Velocity Reviews

Velocity Reviews (http://www.velocityreviews.com/forums/index.php)
-   Python (http://www.velocityreviews.com/forums/f43-python.html)
-   -   A gnarly little python loop (http://www.velocityreviews.com/forums/t954405-a-gnarly-little-python-loop.html)

Roy Smith 11-10-2012 10:58 PM

A gnarly little python loop
 
I'm trying to pull down tweets with one of the many twitter APIs. The
particular one I'm using (python-twitter), has a call:

data = api.GetSearch(term="foo", page=page)

The way it works, you start with page=1. It returns a list of tweets.
If the list is empty, there are no more tweets. If the list is not
empty, you can try to get more tweets by asking for page=2, page=3, etc.
I've got:

page = 1
while 1:
r = api.GetSearch(term="foo", page=page)
if not r:
break
for tweet in r:
process(tweet)
page += 1

It works, but it seems excessively fidgety. Is there some cleaner way
to refactor this?

Ian Kelly 11-10-2012 11:17 PM

Re: A gnarly little python loop
 
On Sat, Nov 10, 2012 at 3:58 PM, Roy Smith <roy@panix.com> wrote:
> I'm trying to pull down tweets with one of the many twitter APIs. The
> particular one I'm using (python-twitter), has a call:
>
> data = api.GetSearch(term="foo", page=page)
>
> The way it works, you start with page=1. It returns a list of tweets.
> If the list is empty, there are no more tweets. If the list is not
> empty, you can try to get more tweets by asking for page=2, page=3, etc.
> I've got:
>
> page = 1
> while 1:
> r = api.GetSearch(term="foo", page=page)
> if not r:
> break
> for tweet in r:
> process(tweet)
> page += 1
>
> It works, but it seems excessively fidgety. Is there some cleaner way
> to refactor this?


I'd do something like this:

def get_tweets(term):
for page in itertools.count(1):
r = api.GetSearch(term, page)
if not r:
break
for tweet in r:
yield tweet

for tweet in get_tweets("foo"):
process(tweet)

Steven D'Aprano 11-11-2012 12:23 AM

Re: A gnarly little python loop
 
On Sat, 10 Nov 2012 17:58:14 -0500, Roy Smith wrote:

> The way it works, you start with page=1. It returns a list of tweets.
> If the list is empty, there are no more tweets. If the list is not
> empty, you can try to get more tweets by asking for page=2, page=3, etc.
> I've got:
>
> page = 1
> while 1:
> r = api.GetSearch(term="foo", page=page)
> if not r:
> break
> for tweet in r:
> process(tweet)
> page += 1
>
> It works, but it seems excessively fidgety. Is there some cleaner way
> to refactor this?



Seems clean enough to me. It does exactly what you need: loop until there
are no more tweets, process each tweet.

If you're allergic to nested loops, move the inner for-loop into a
function. Also you could get rid of the "if r: break".

page = 1
r = ["placeholder"]
while r:
r = api.GetSearch(term="foo", page=page)
process_all(tweets) # does nothing if r is empty
page += 1


Another way would be to use a for list for the outer loop.

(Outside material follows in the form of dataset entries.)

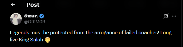 وعلى ما يبدو أن هناك عددا من مشجعي ليفربول انحازت لـ صلاح في خلافه مع الهولندي أرني سلوت المدير الفني للفريق، بعد جلوس قائد الفراعنة احتياطيًا لأكثر من مباراة، وغرد أحد مشجعي ليفربول قائلًا:" يجب حماية الأساطير من غرور المدربين الفاشلين، عاش الملك صلاح".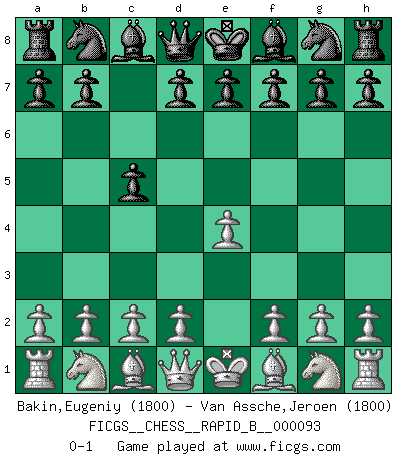 Last move : 0-1 2008 July 11 14:49:0 [Event "FICGS__CHESS__RAPID_B__000093"] [Site "FICGS"] [Date "2008.06.09"] [Round "1"] [White "Bakin,Eugeniy"] [Black "Van Assche,Jeroen"] [Result "0-1"] [WhiteElo "1800"] [BlackElo "1800"] 1.e4 c5 0-1 This chess game has been lost on time (started : 2008.06.09 11:21:43) Sicilian defense Player Black won this chess game. Follow this game move after move (download)The King is a fighting piece. Use it ! (Wilhelm Steinitz) Ein Teil des Fehlers ist immer korrekt. (Savielly Grigorievitsch Tartakower) Yo no creo en la psicología. Yo creo en las buenas movidas. (Bobby Fischer) La tactique est l'élément le plus important du milieu de jeu. (Siegbert Tarrasch) Two beer, or not two beer. (Unknown)
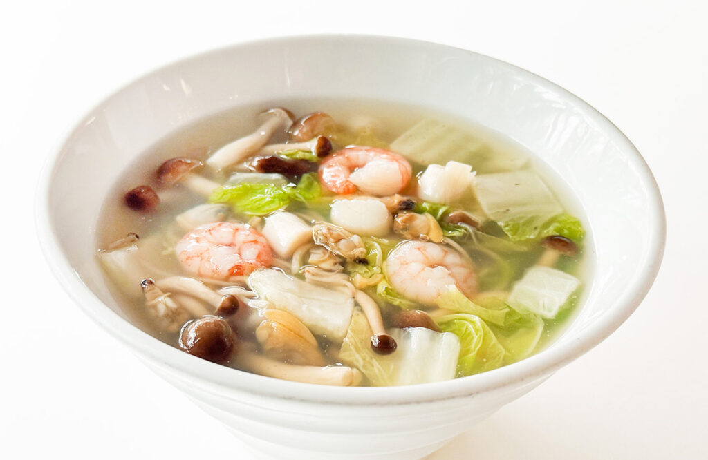 小海老と小柱、あさり、きのこ、銀杏、季節野菜をあさり出汁のあんかけでお召し上がりください。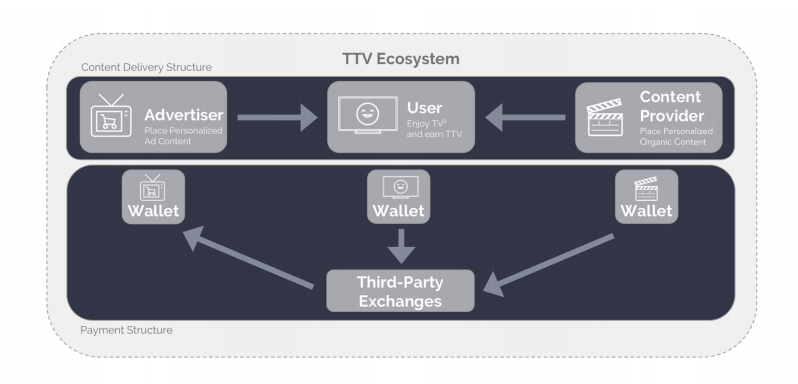 The TV-TWO Token(TTV) is an ERC20 token that administers the exchanged value between consumers, content providers and advertisers.

for page in xrange(1, sys.maxint):
r = api.GetSearch(term="foo", page=page)
if not r: break
process_all(r)



--
Steven

Steve Howell 11-11-2012 03:03 AM

Re: A gnarly little python loop
 
On Nov 10, 2:58*pm, Roy Smith <r...@panix.com> wrote:
> I'm trying to pull down tweets with one of the many twitter APIs. *The
> particular one I'm using (python-twitter), has a call:
>
> data = api.GetSearch(term="foo", page=page)
>
> The way it works, you start with page=1. *It returns a list of tweets..
> If the list is empty, there are no more tweets. *If the list is not
> empty, you can try to get more tweets by asking for page=2, page=3, etc.
> I've got:
>
> * * page = 1
> * * while 1:
> * * * * r = api.GetSearch(term="foo", page=page)
> * * * * if not r:
> * * * * * * break
> * * * * for tweet in r:
> * * * * * * process(tweet)
> * * * * page += 1
>
> It works, but it seems excessively fidgety. *Is there some cleaner way
> to refactor this?


I think your code is perfectly readable and clean, but you can flatten
it like so:

def get_tweets(term, get_page):
page_nums = itertools.count(1)
pages = itertools.imap(api.getSearch, page_nums)
valid_pages = itertools.takewhile(bool, pages)
tweets = itertools.chain.from_iterable(valid_pages)
return tweets

Stefan Behnel 11-11-2012 07:56 AM

Re: A gnarly little python loop
 
Steve Howell, 11.11.2012 04:03:
> On Nov 10, 2:58 pm, Roy Smith <r...@panix.com> wrote:
>> I'm trying to pull down tweets with one of the many twitter APIs. The
>> particular one I'm using (python-twitter), has a call:
>>
>> data = api.GetSearch(term="foo", page=page)
>>
>> The way it works, you start with page=1. It returns a list of tweets.
>> If the list is empty, there are no more tweets. If the list is not
>> empty, you can try to get more tweets by asking for page=2, page=3, etc.
>> I've got:
>>
>> page = 1
>> while 1:
>> r = api.GetSearch(term="foo", page=page)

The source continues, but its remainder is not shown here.